To test whether mediation of placebo effects on social versus physical pain were driven by separable activation patterns in the dlPFC, we compared individual (person-level) images for the social pain mediation effect (Path ab) with images for the physical pain mediation effects for individuals in the Placebo group (N = 20). We trained a support vector machine (SVM) to classify to which modality (social or physical) each map belonged. To assess the accuracy of the classifier, we used a cross-validation procedure, in which the two mediation images for each subject served as a holdout set once, resulting in a 20-fold (leave-one-subject out) cross-validation. Accuracy is reported on forced-choice tests on holdout (test) images. To test whether this pattern was indeed driven by the mediation of the placebo effects and not by residual activity due to rejection versus heat pain, we performed the same SVM analysis in the Control group as well.
Results
Social rejection
Behavioral results
We tested for placebo effects on reported rejection and pain experience using a multilevel GLM. In line with our prediction, placebo treatment reduced social pain, as evidenced by a significant effect of Placebo versus Control Group on Pretreatment versus Post-treatment negative affect (t(38) = 3.3, p = 0.001, Cohen's d = 1.04). This effect is shown in Figure 1C. No significant changes were observed for the Friend condition.

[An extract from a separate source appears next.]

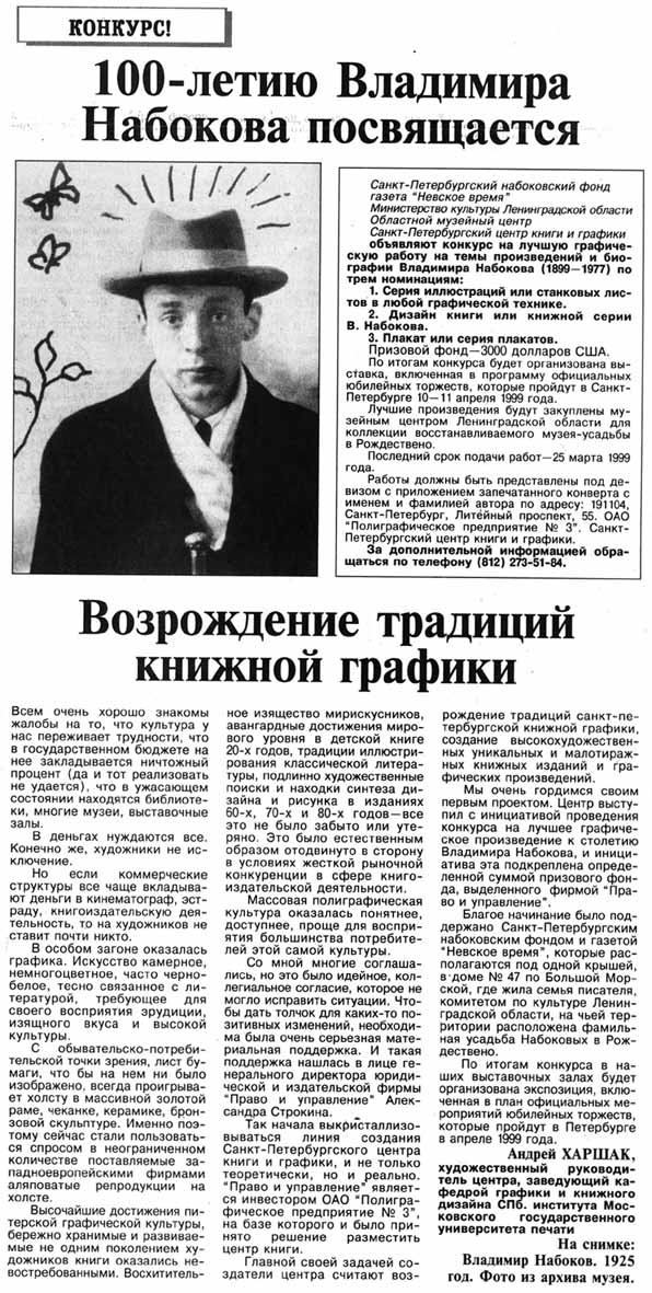 newspaper _Nevskii vremia_ announces a competition for Nabokov-related

Placebo effects on an a priori fMRI marker of rejection
To test for placebo effects on the expression of the social rejection pattern (developed by Woo et al., 2014), as in previous studies (Wager et al., 2013), we calculated the cross-product of the social-rejection pattern (Woo et al., 2014) with the individual contrast images for the Ex-Partner condition Preintervention and Postintervention. This provided a single number for each participant that reflected the intensity of activation in the rejection pattern. We expected a reduction in the rejection signature with placebo. Paired t tests between Placebo and Control groups revealed a greater decrease in rejection pattern expression in the Placebo compared with the Control group Postintervention compared with Preintervention (t(19) = 2.2, p = 0.022), due to a significantly lower pattern expression Postintervention in the Placebo compared with the Control group (t(19) = 1.8, p = 0.042).
Placebo effects on prefrontal-brainstem pathways
Our moderated mediation model tests for placebo-induced changes (Post vs Pre) in brain activity (placebo effect on Path a) and in brain activity mediating the effect on behavioral outcomes (placebo effect on Path ab). It also tests whether the brain predictors of affect ratings varied significantly across groups (placebo effect on Path b), which would indicate placebo-induced changes in the relationships between brain activity and affective experience. Such changes could indicate recruitment of different local circuits within affective brain regions under placebo, possibly related to differences in the quality of cognitive appraisal.
The results of this analysis, testing mediation of placebo effects on social pain in three key regions, dlPFC, vmPFC/OFC/rACC, and PAG/brainstem, are shown in Figure 2. In line with our hypothesis, the right dlPFC showed significant effects for group differences on all three paths, in partially overlapping clusters (Fig. 2A). Following treatment, activity increased more in the Placebo compared with the Control group (placebo effect on Path a, peak coordinates x = 52, y = −4, z = 46, Z = 9.79). Further, functional activity in right dlPFC was correlated with more positive affect ratings in the Placebo group, but not in the Control group (placebo effect on Path b, x = 32, y = 2, z = 50, Z = 9.19). This indicates that placebo treatment altered the functional relationship between activity and affective outcomes, and specifically that the contents of activated dlPFC representations were more strongly associated with positive affect under Placebo. Several clusters in right dlPFC also showed significant group differences in mediation effects (placebo effect on Path ab, x = 44, y = 0, z = 34, Z = 8.91), confirming a key role of this region in mediating placebo treatment effects on behavioral outcomes.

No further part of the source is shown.